= Michael Bohl =

Australian swimmer and coach

Michael Shayne Bohl is an Australian swimming coach, working for the Australian Swim Team and Griffith University.

Bohl is the coach of swimmer Emma McKeon, who represented Australia in the 2016 Summer Olympics and the 2020 Summer Olympics, and former coach of triple Olympic gold medallist Stephanie Rice.

Bohl has been the coach of Australian swimmers who have been on the podium at every summer Olympics between the 2008 Summer Olympics and the 2024 Summer Olympics.

Bohl received the Australian Sports Medal in 2000, recognising him as a "Long Serving ASI Committee Member". He was awarded the Medal of the Order of Australia in the 2010 Australian Day Honours for "service to swimming as a competitor and coach".

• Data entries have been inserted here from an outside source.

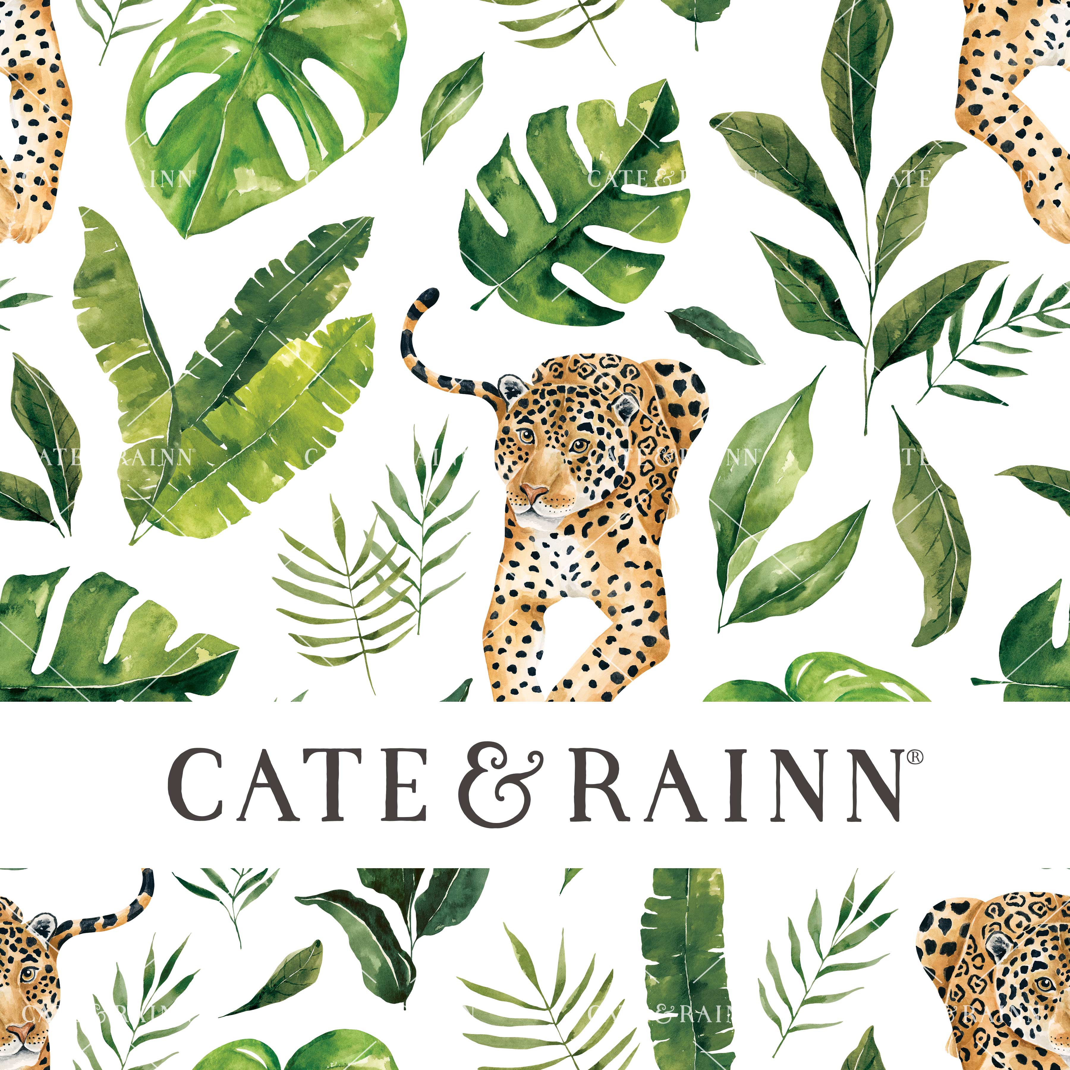 A hand-painted watercolor jungle jaguar pattern design, part of the Tropical Jungle Collection.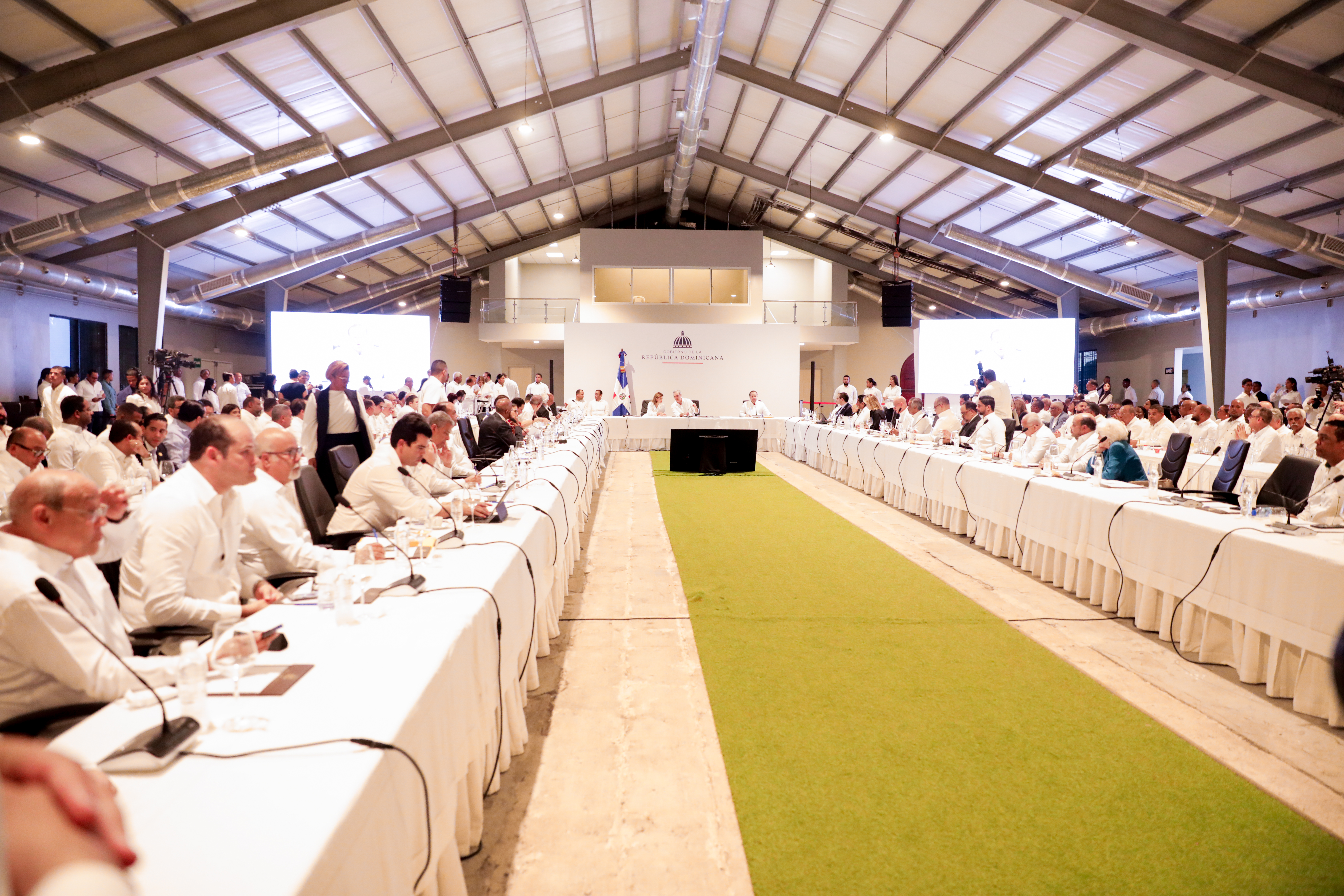 El presidente Luis Abinader, en compañía de la vicepresidenta Raquel Peña, encabezó un Consejo de Ministros y Directores. En esta reunión, se discutieron avances y logros de obras ejecutadas durante el período 2020-2024 en diversas áreas de desarrollo, como obras públicas, salud y alcantarillado. San Cristóbal, República Dominicana. 06 de Noviembre del 2024. VP/ Sintia Méndez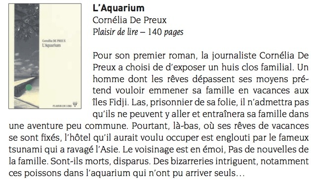 La couverture de "L'Aquarium" de Cornélia de Preux.Roman

At the 2015 Australian Institute of Sport Awards Bohl was named Coach of the Year.

In 2020, Bohl started co-coaching Australian competitive swimmer and multiple-time world junior champion Lani Pallister with Janelle Pallister.

For the 2021 year, Bohl was the recipient of the "Coach of the Best Female Swimmer" from FINA, an award presented in conjunction with the FINA Athletes of the Year awards, for being the coach of the "Best Female Swimmer" award recipient, Emma McKeon. He also received the "Olympic Program Coach of the Year" award from Swimming Australia for the year.

In 2022, Brendon Smith, an Olympic bronze medalist from the 2020 Summer Olympic Games, started training at Griffith University with Bohl as his coach.